Rivers also took Whitfield to task for commenting that she was trying to spark controversy by wearing fur on her book jacket. Rivers asked if Whitfield wore leather shoes and ate chicken (yes and yes), which she then correctly identified as hypocrisy, given Whitfield's apparent stance against fur coats.

I will never understand how journalists like Whitfield can decry the slaughtering of animals for fur and, then, eat burgers and hot dogs. Aren't cows and pigs as worthy as raccoons? A non-vegan animal rights activist is, by definition, a hypocrite.

The Whitfield-Rivers interview is important because it shows the readiness of left-leaning journalists to create a tempest in a teapot by rallying around false victims: in this case, those actresses and actors Rivers supposedly offends with her jokes. Conjuring up the notion of injured celebrities Rivers has supposedly preyed upon allowed Whitfield to pretend to be asking questions about Rivers' brand of humor, when she was really just attacking her guest. Isn't that the power-grab we see again and again from liberals intent on gathering more control?
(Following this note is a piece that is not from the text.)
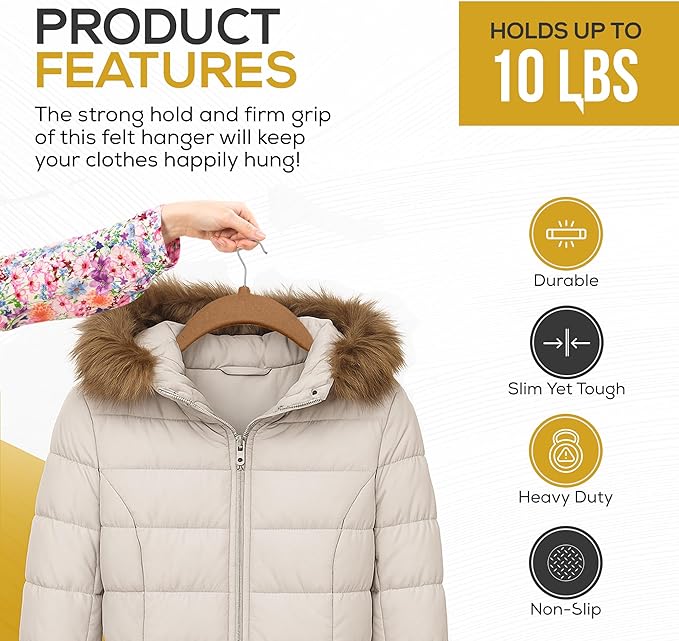- NON SLIP VELVET HANGERS : Keep your clothes neat and wrinkle free with these non slip velvet hangers. The velvet texture provides a secure grip, preventing your clothes from slipping or falling off the hanger. The notched shoulders and grooves on each hanger makes it perfect for hanging tank tops, dresses, skirts. The high quality velvet material doesn’t shed like other low quality hangers available in market.

Here's the playbook: Find someone or some group that could potentially take offense at something or feel shortchanged about something, assert that their injuries are deep and dramatic and that they should be outraged and, then, pledge the supposedly needed assistance. It's a good way to get votes from people you've convinced to feel disenfranchised and weak – people you have made, essentially, paranoid. And it's a good way to start a closed-shop union, too.
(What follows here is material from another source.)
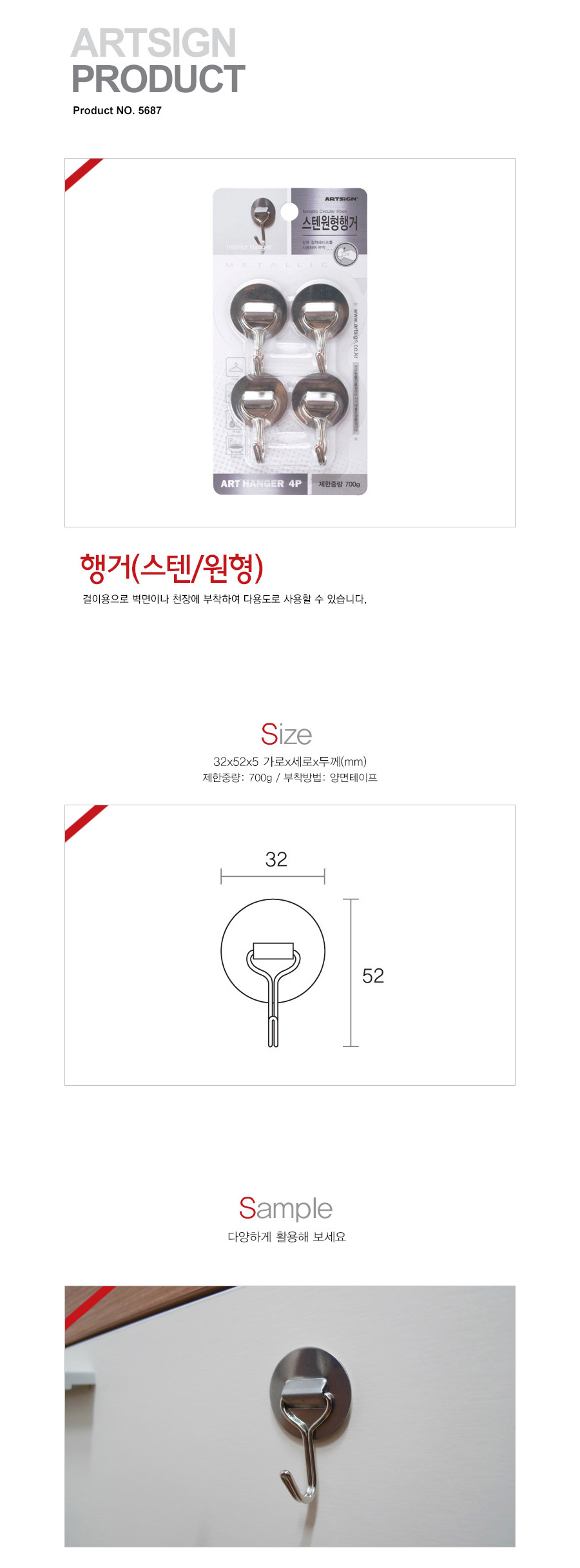 아트사인 스텐원형행거/32*52*5 (4개입) (5687)

That's why CNN's Whitfield can't take a joke. Allowing that people can love one another and still be aware of their flaws, and even find them funny, isn't in the lexicon of the Left. To take notice of a person's bad dress or bad hair day or weak acting job is, all of a sudden, to offend that person to his or her core.

There isn't room for humor on the Left because everyone is a potential victim of everyone else, all must be exceedingly careful not to shatter the incredibly fragile people around them and only a big and powerful central authority can protect the feelings and future of us fragile Americans.

I've laughed with Joan Rivers since I was a kid. I never hated a single person she made a little good-natured fun of. If anything, she taught me to roll with the punches, not to be thin-skinned and to take myself and others a little less seriously some of the time.

I'm glad she walked off the set at CNN. There wasn't room for someone with such a big heart in that studio.